イベント日和の晴天、気温は春なのに20度を超えていた。着ぐるみの中で、成瀬は暑さにうだる。客足はありがたいことに途絶えることはなく、次々と契約が決まっていく。
そんな契約中の家族の、子供の相手が成瀬の仕事になっていた。
本当にタックルされる。叩かれる。蹴られる。テーマパークの着ぐるみって命懸けの仕事だな。
短い手足で子供たちの猛攻を防げるわけもなく、暑さのせいもあって成瀬の体力は限界にきていた。一人の少年が、何かの必殺技を叫ぶ。タックルされると思ったら、視界が回って空が見えた。
「おい!!大丈夫か!!」
三浦の声がした。でも、空の青が黒くなっていく。あれ、もう夜だっけ?
「おいナル、しっかりしろ」
冷たいものが頭や首や身体中に当てられて、成瀬はゆっくり目を覚ました。
「あ、三浦さん」
「頭は打ってないな。着ぐるみで良かった。いや、着ぐるみだから倒れたのか」
「え?あ、うそ。すいません!」
気付けばそこは会社のバンの中で、成瀬はランニングにパンツ姿で寝かされていた。
「いや焦った。契約続きでお前の事まで気にしてやれなくて悪かったな。着ぐるみの中の暑さは俺も知ってたのに」
「いえ、俺の体力がなかっただけですよ。俺、今日何も役に立ってないですね……」
成瀬は朝からの失敗にため息を吐く。
「お前が子供みんな相手をしてくれてたから契約進んだんだ。これもチームプレイだろ」
三浦は明るく笑いながら、成瀬の頭をワシワシと撫でてくる。その笑顔につられて成瀬も笑う。

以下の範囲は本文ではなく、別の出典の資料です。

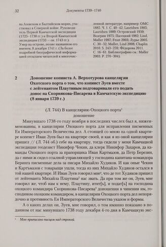 Доношение копииста А. Верхотурова канцелярии Охотского порта о том, что копиист Зуев вместе с лейтенантом Плаутиным подговаривали его подать донос на Скорнякова-Писарева в Камчатскую экспедицию. 8 января 1739 г. // РГАДА. Ф. 248. Оп. 21. Кн. 1361. Л. 744-747.

「本当にタックルされるんですね。今度タックルの耐え方教えてください」
「お、いいぜ。まずは腹筋と体幹だな」
先輩は自分の腹筋を叩き、胸を張った。シャツの上からでもわかる腹筋に成瀬が手を伸ばそうとすると、バンのスライドドアが開いた。
「あ、主任。成瀬気が付きました」
「そうか。お前は受付に戻ってやれ」
「うっす」
高瀬は三浦に指示をすると、バンに乗り込み成瀬にペットボトルを渡してきた。
「ゆっくり飲め」
「すいません」
「具合は」
「もう大丈夫です」
高瀬は、ジッと成瀬の目を見て離さない。倒れて迷惑をかけたことを謝らないとと思いつつ、成瀬は高瀬の目に吸い込まれるように思考が回らなかった。
「お前、三浦に触ろうとしたか」
「え」
「腹筋がどうとか」
高瀬の目が細くなり、多少色が変わったように見えた。夕日に近くなった光のせいか。
グルと喉が鳴るような音がして、高瀬の目が揺らぐ。
「いや、いい。ゆっくりしていろ。もう終わる時間だ」
「あ、はい」
それだけ言うと、高瀬はバンを降りて行った。
バンの扉が閉まる直前に、夕方の空に白い下弦の月が見えた。
成瀬は高瀬がくれたペットボトルに視線を落とし、それを持つ自分の手のひらを見つめた。
満月の夜の高瀬の甘えるような表情を思い出す。
まだ、感触が残っている。
その日、一番の契約を取ったのは高瀬だ。
朝イチに成瀬の失敗をフォローし、成瀬が倒れた後も様子を見にきて、さらに完璧に仕事をこなす。
成瀬は高瀬の有能さに感嘆の息を吐く。
格好良い。自分もあんな仕事ができる男になりたい。
しかし、今のままでは高瀬に着いても仕事を覚えるどころか空回りしかしないだろう。しっかりと基礎から仕事を覚えよう。高瀬に必要とされるような人間になれるように頑張ろう。
成瀬は気合を入れて、ノベルティのダンボールを片付け始めた。